Former North Korean spy addresses ROK and US senior enlisted leaders

By Cpl. Choi, Ho Gyu, U.S. Forces Korea PAO

A former North Korean spy and defector discussed the motivations of North Korean Soldiers and the hardships they endure during a U.S. Forces Korea noncommissioned officer professional development lecture March 12 at the Memorial Chapel.

“As our officers continue to focus at the strategic level, we senior enlisted leaders are really focused on the human dimension so we can understand the motivations and resolve of the North Korean population, and the readiness of their military forces,” said Command Sgt. Maj. John Troxell, United Nations Command, Combined Forces Command and U.S. Forces Korea.

The speaker, whose name is withheld by request of the Republic of Korea Defense Security Command, defected to the ROK in 1995 after being wounded in a gunfight and captured by ROK authorities. He is a member of the Institute for National Security Strategy and works as a professor of North Korean Studies at a prominent university in Gyeongsangnam-do.

He discussed North Korea’s treatment of its citizens. 

“The human rights situation in North Korea has remained gruesome, and the people are having their rights trampled on,” said the speaker. “North Korean politics are focused on a ‘military first’ policy.”

He said there are 1.19 million active duty troops in the hermit kingdom, as well as 7.7 million reserve forces. All men are conscripted and must serve 10 years. For women, service is voluntary but carries a seven-year service obligation.

Soldiers are often malnourished, and are sent home to recover when they get too weak to perform their duties, but must return when they recover, he said.

“North Koreans actually have been shrinking, through successive famines,” said the speaker. “In late May and June, soldiers from the front are even mobilized to plant rice, which means less training.”

The regime spends millions of dollars on idolization efforts, he said. There are more than 38,000 statues of Kim Jong Il and Kim Jong Un in North Korea. Indoctrination begins in school and is carried out through a variety of means. To disparage the leader is an automatic death penalty.

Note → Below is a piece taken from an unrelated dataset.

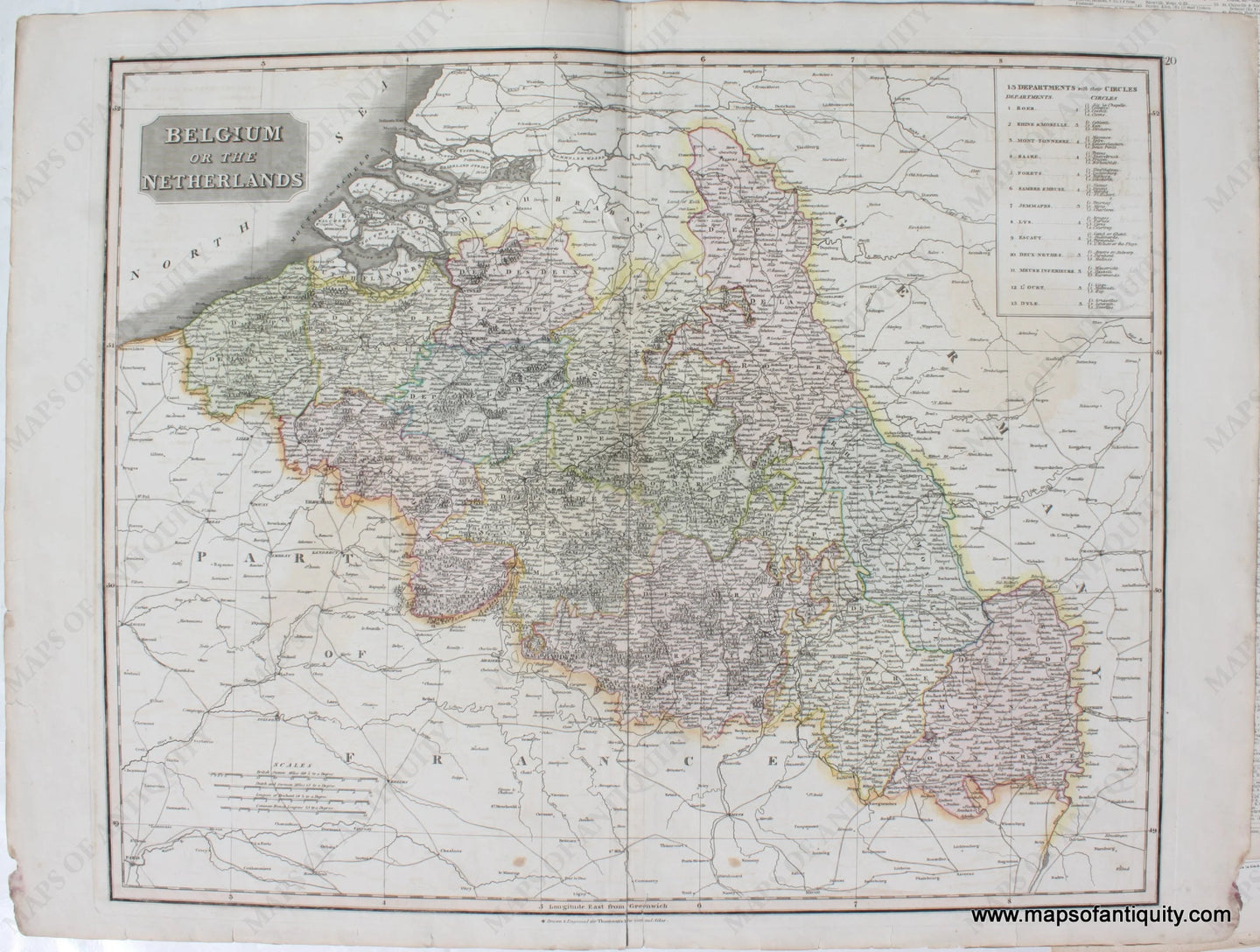 Antique hand colored map of the Netherlands, by Thomson, published in "Thomson's New General Atlas," 1817. Includes bodies of water, etc. Visible plate mark. With fold, as issued. Fair condition with toning throughout, areas of noticeable foxing, tearing/paper loss at the outer edges, and near total seam separation (which has been repaired using archival tape.) Measures approximately 19.25" x 24" to the neatline. Note: Priced "as is"

After the lecture, senior enlisted leaders got the opportunity to ask a few questions.

When asked about the possibility of war, he said Kim Jong Un is fully aware of the capabilities of the ROK-US alliance and unlikely to enter into a conflict that would mean the end of his dictatorship.

“In my opinion, there’s very little chance that North Korea starts an aggressive full frontal war, but we can’t assume that the enemy nation will not stir up things again,” he said. “They will do things at the slightest provocation, like in the case of the sinking of the South Korean warship, the Cheonan, and the shelling of Yeonpyeong Island.”